**TASK STATEMENT**
Somewhere below is a line with "- AES: 128비트 블록" and, later, a line with "Очень симпатичный салат"; repeat those two lines and all the lines between them, exactly as they are.

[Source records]
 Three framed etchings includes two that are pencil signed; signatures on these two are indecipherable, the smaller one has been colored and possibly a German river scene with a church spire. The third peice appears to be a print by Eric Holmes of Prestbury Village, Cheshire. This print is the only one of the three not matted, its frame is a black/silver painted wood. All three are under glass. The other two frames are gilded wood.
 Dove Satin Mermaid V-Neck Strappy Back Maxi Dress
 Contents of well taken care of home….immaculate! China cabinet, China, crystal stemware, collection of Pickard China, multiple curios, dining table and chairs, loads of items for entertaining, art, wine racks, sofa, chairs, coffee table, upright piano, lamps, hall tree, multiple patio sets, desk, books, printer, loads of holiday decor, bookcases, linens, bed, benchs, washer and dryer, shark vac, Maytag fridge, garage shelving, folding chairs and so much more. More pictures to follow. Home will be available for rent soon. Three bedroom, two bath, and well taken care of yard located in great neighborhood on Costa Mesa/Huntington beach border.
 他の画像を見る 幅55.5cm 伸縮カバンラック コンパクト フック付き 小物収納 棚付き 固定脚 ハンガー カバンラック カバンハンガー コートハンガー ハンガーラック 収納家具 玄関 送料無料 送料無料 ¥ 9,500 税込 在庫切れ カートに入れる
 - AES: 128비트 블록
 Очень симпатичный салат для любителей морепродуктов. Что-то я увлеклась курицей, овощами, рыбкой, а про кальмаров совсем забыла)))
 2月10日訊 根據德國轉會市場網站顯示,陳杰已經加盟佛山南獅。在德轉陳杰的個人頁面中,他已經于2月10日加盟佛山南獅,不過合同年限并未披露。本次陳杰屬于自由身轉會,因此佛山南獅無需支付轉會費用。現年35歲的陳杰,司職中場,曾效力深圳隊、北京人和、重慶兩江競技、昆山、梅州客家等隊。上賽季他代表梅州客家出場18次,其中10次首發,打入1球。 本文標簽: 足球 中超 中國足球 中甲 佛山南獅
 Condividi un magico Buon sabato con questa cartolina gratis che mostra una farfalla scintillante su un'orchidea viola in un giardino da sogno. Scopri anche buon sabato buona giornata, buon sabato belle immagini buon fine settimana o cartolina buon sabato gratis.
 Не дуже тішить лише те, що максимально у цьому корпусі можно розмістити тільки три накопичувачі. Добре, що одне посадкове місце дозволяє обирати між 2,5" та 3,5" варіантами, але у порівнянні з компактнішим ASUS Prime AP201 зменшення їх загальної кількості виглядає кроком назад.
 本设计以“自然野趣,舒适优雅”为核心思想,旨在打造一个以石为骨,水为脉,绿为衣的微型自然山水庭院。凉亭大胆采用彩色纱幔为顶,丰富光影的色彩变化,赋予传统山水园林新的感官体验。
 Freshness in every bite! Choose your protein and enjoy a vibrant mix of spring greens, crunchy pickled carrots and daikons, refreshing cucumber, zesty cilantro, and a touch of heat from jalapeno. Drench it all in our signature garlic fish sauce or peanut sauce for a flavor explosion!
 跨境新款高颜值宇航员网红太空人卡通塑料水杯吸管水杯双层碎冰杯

**ANSWER TO THE PROBLEM**
 - AES: 128비트 블록
 Очень симпатичный салат для любителей морепродуктов. Что-то я увлеклась курицей, овощами, рыбкой, а про кальмаров совсем забыла)))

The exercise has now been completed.